EXERCISE DESCRIPTION: Pictures in the data should be dropped; transcribe exactly the lines from the one that has "Благодаря надежной магнитной" through the one that has "2025년 부동산 보유세 절감 전략: 공시가격 관리부터 명의 분산까지".

TASK DATA:
..........

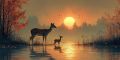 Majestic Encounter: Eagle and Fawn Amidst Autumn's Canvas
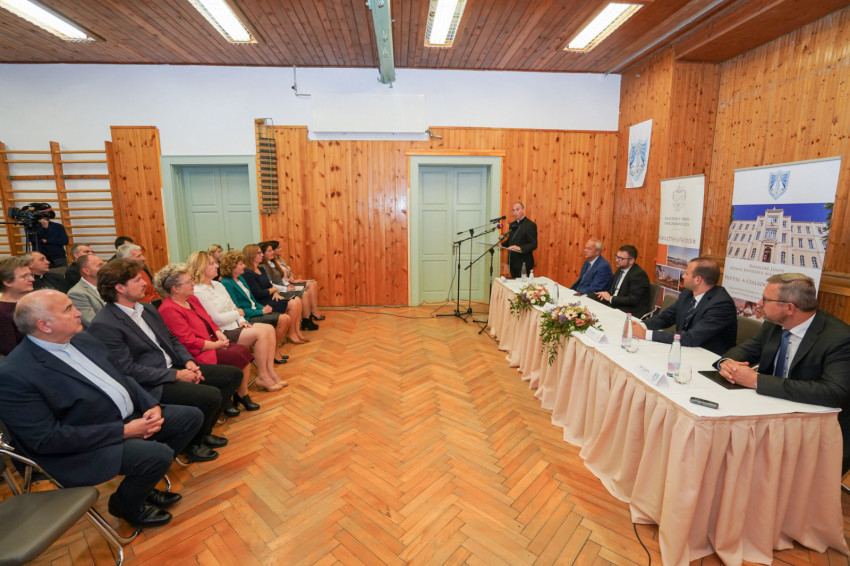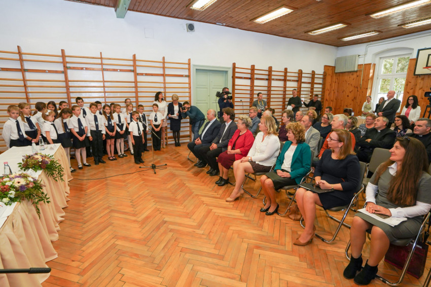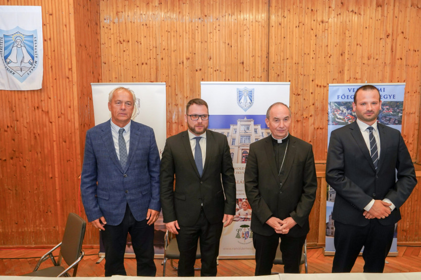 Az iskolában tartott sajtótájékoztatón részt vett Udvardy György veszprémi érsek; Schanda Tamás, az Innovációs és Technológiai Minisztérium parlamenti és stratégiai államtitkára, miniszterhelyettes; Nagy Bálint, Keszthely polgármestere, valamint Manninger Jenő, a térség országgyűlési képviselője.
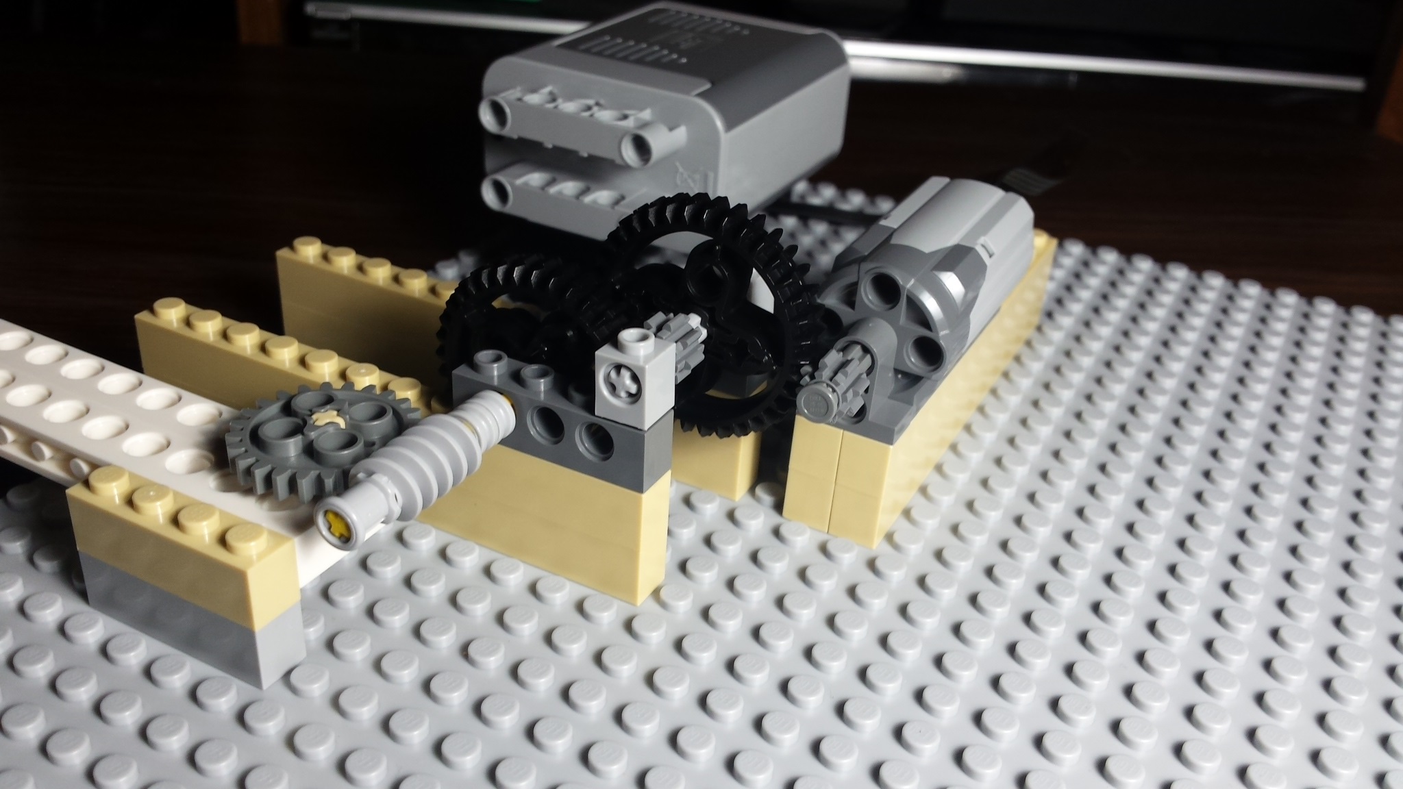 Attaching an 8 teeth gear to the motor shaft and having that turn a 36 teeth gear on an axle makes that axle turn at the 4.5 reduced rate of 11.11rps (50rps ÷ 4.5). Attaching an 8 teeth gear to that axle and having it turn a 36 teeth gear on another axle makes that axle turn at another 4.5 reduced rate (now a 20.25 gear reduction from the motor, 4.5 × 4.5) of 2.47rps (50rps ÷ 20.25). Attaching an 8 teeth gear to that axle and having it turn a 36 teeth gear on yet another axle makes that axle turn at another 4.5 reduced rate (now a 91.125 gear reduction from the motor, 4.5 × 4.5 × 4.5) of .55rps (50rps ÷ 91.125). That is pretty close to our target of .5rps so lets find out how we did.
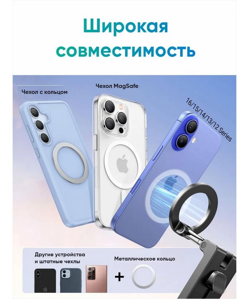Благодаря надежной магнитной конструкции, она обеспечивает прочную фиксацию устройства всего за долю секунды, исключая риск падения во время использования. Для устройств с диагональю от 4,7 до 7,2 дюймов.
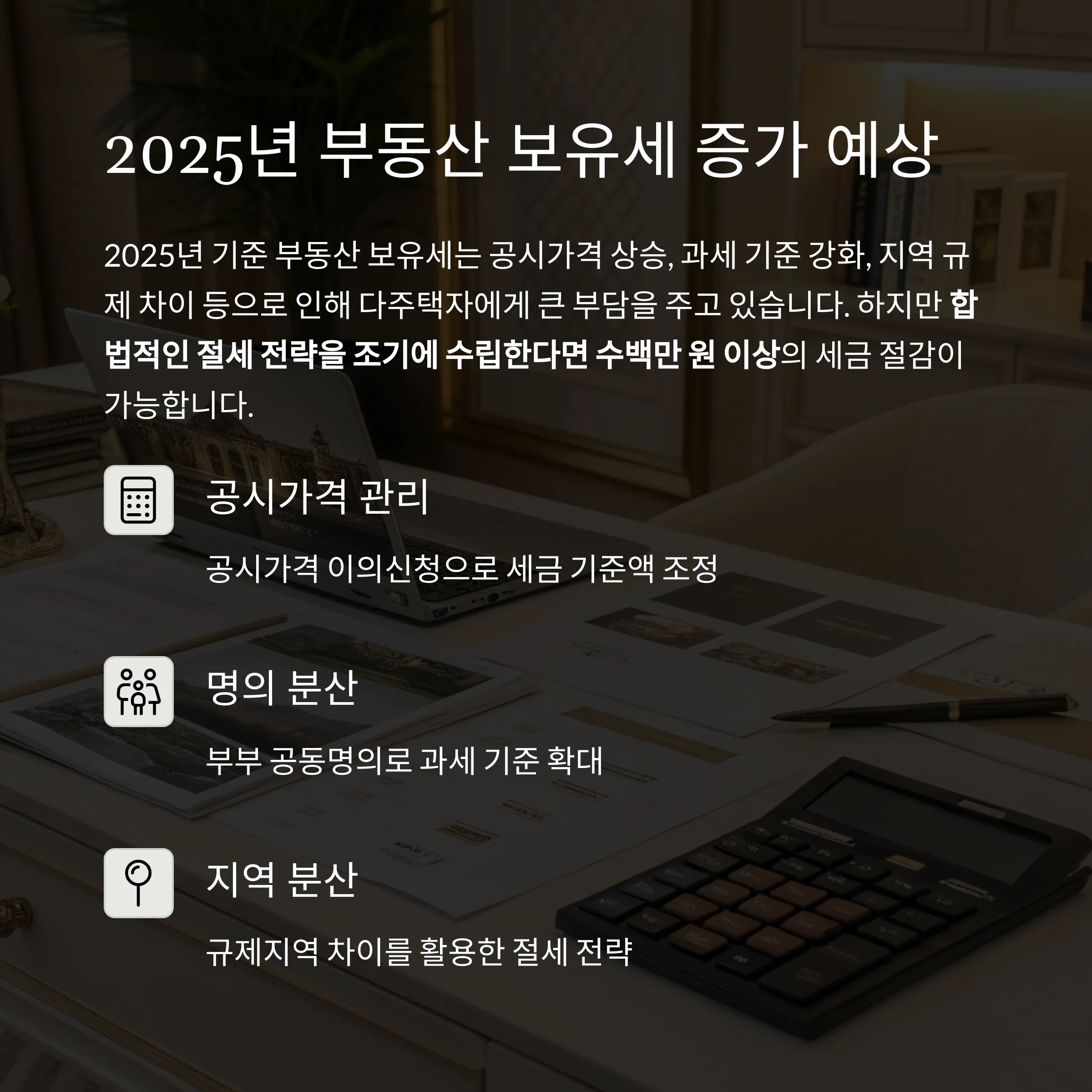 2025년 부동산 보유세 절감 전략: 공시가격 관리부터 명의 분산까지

..........

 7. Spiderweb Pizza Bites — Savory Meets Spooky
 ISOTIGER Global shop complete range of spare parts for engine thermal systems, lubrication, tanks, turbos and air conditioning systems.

..........

WORKED SOLUTION:
Благодаря надежной магнитной конструкции, она обеспечивает прочную фиксацию устройства всего за долю секунды, исключая риск падения во время использования. Для устройств с диагональю от 4,7 до 7,2 дюймов.
 2025년 부동산 보유세 절감 전략: 공시가격 관리부터 명의 분산까지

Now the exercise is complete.